Bruno Putzulu plays Edgar, an artist in pre-production for an ambitious film called In Praise of Love. He’s settled on a few ideas and characters but still hasn’t decided whether film is the appropriate medium for the piece (he’s also considering a novel or an opera). He’s determined to cast a woman (Cecile Camp) he met two years ago while working on a cantata dedicated to Simone Weil. She’s reluctant, and the project seems doomed to fail. We then shift from the present to their first meeting. Her grandparents are in negotiations with an American movie studio (and the U.S. State Department: "Trade follows films") to sell the rights to the story of their involvement in the French resistance. It’s her understanding of what’s really at stake in the transaction – she sees that they’re making a deal not just for their story but for their souls – and her aggression towards the corporate functionaries that impresses Edgar.

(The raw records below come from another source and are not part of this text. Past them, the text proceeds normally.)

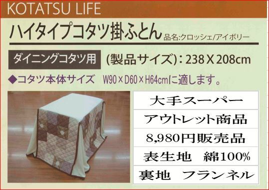 サイズ 60×90cmのコタツで高さ65-70cmのダイニングコタツにあいます。
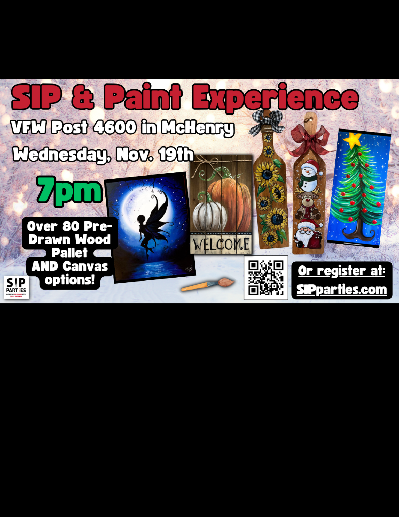 Join Chicagoland’s #1 rated creative experience on Wednesday, November 19th at VFW Post 4600 in McHenry! SIP Parties is a unique twist on your typical SIP & Paint party experience! Enjoy a lively performance that brings humor and audience interaction to detailed art instruction with artist Cliff Harman.  Whether you’re looking to do a girl’s night out or enjoy a date night with the hubby, we are the perfect local activity. Find us at a bar or restaurant in your neighborhood!
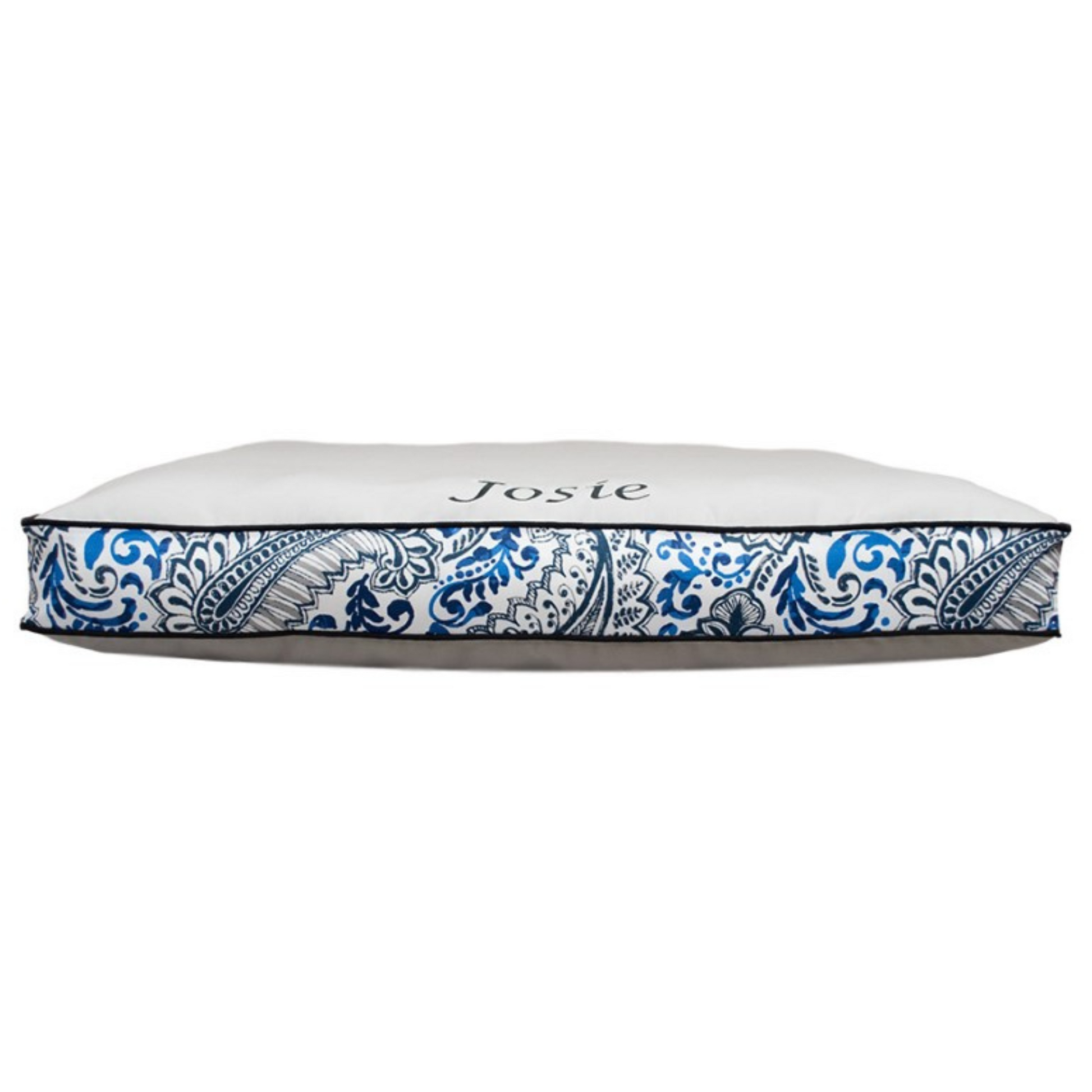 Playful, colorful, and resilient. Sounds like a triple-threat! With sturdy Solid Grey water repellent fabric rated at over 50,000 Double Rubs (15,000 is considered heavy use) on top and bottom, don't lose a bit of sleep over how this bed's high-traffic surfaces are going to hold up. Solid Black accent cording and Shannon Cobalt water repellent banding (the sides/"depth" of the bed) make this bed stand out in all of the right ways!

In synopsis, the story is a cute postmodern conceit, a movie about the making of the movie we’re watching. (If only Anna Karina and Jean-Paul Belmondo marched out with a circus troupe at the end, we’d have the strangest Fellini parody ever made.) Godard is much less interested in dazzling us with a clever resolution than in exploring failure, however, and the plot becomes increasingly irrelevant just as its begins to cohere.

Most filmmakers use video for its immediacy, the easy association with documentary and home movies. Black and white film is reserved for period pieces, a fading art form standing in for the past. Godard inverts this usage, shooting the present in black and white and the past in supersaturated video. The second half of the film opens with an unearthly seascape, recast with roiling orange waves, blue sand and yellow sky. There’s no attempt to pass off the video as film: Godard (who has been working in video for 25 years now) instead embraces the differences in the media. Images erupt from stills or dissolve into multilayered, painterly washes of color and pixellation. The colors throb and pulsate, not recreating nature but reimagining it. It’s a singular approach to landscape, one that mines the familiar – the natural order itself – for lurking strangeness. Only Werner Herzog’s mirage film Fata Morgana and the deathly still landscapes of James Benning’s recent California trilogy (El Valley Centro, Los and Sogobi) provide comparably original approaches to nature photography.

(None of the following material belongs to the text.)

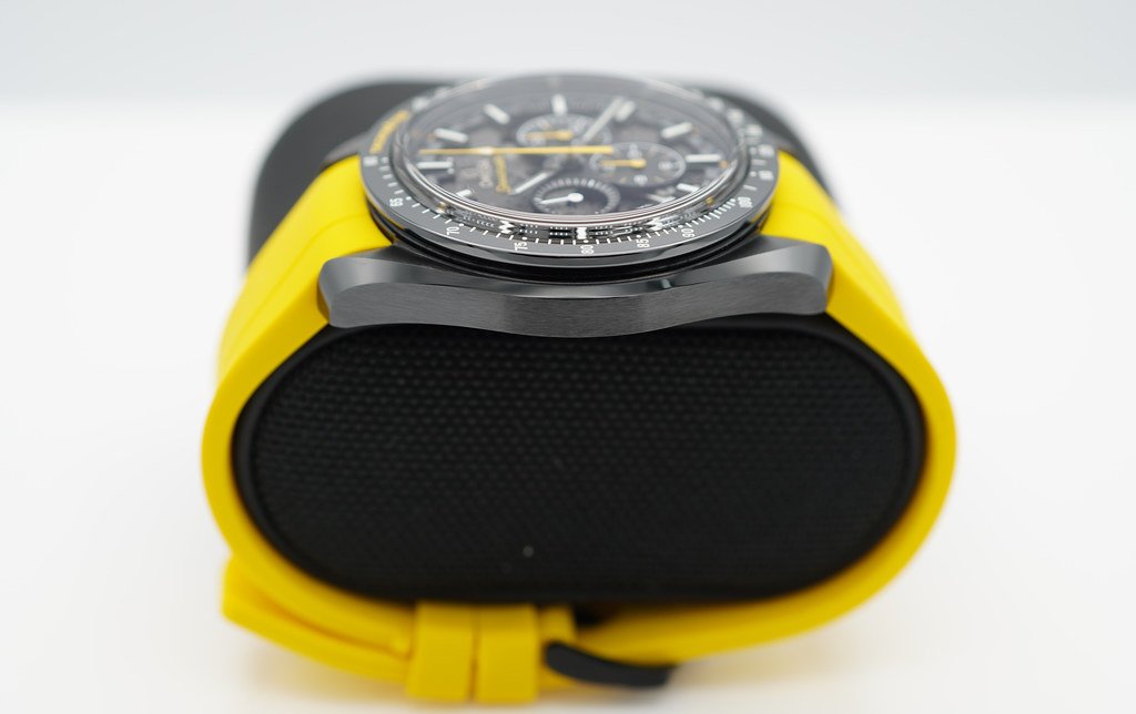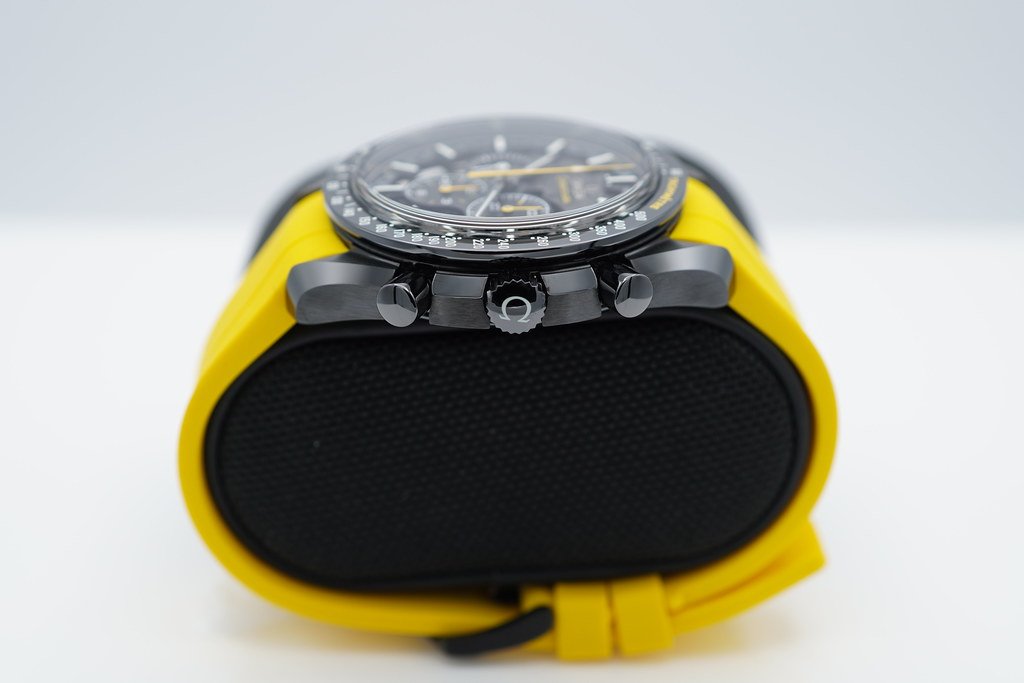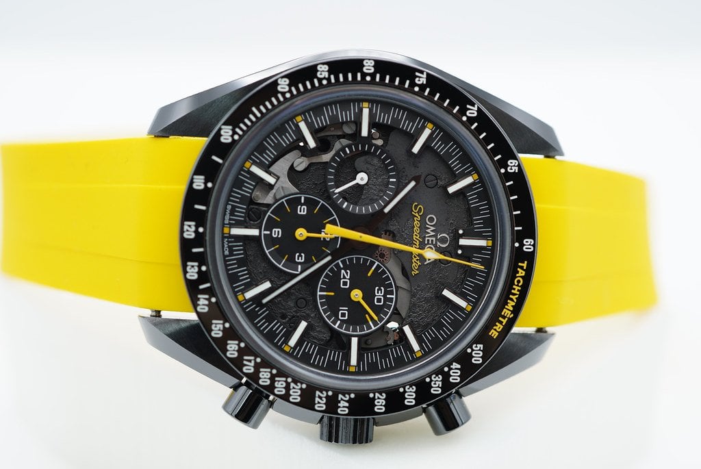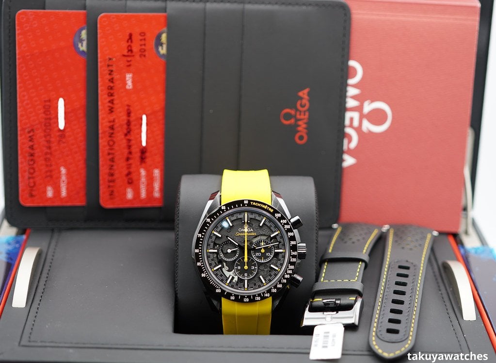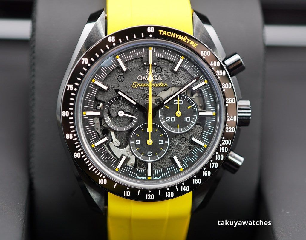 A Mint Condition & Very Cool 44.25mm Omega Speedmaster Moonwatch Chronograph Dark Side Of The Moon Apollo 8. Black Ceramic Case on Leather Strap with Tang Buckle. Purchased from Omega USA Authorized Dealer in 11.2020. Watch running perfect with Non Issues. Full Set & Under 5 Years Factory Warranty. Additional: Horus Yellow Rubber Strap with Tang Buckle.

At one point the question is posed, "To what extent does memory help us reclaim our lives?" In Praise of Love provides no comforting answer: memory fails everyone in this film, offering false hopes and creating impossible desires, leaving nothing substantial in its wake. This is an old man’s film, aching with loss and despair, bitterly aware of its own ineffectuality as it rails against the bullying influx of American culture and the spectacle of Americans happily replacing history with technology. The only solace offered is the film’s own beauty. It’s enough.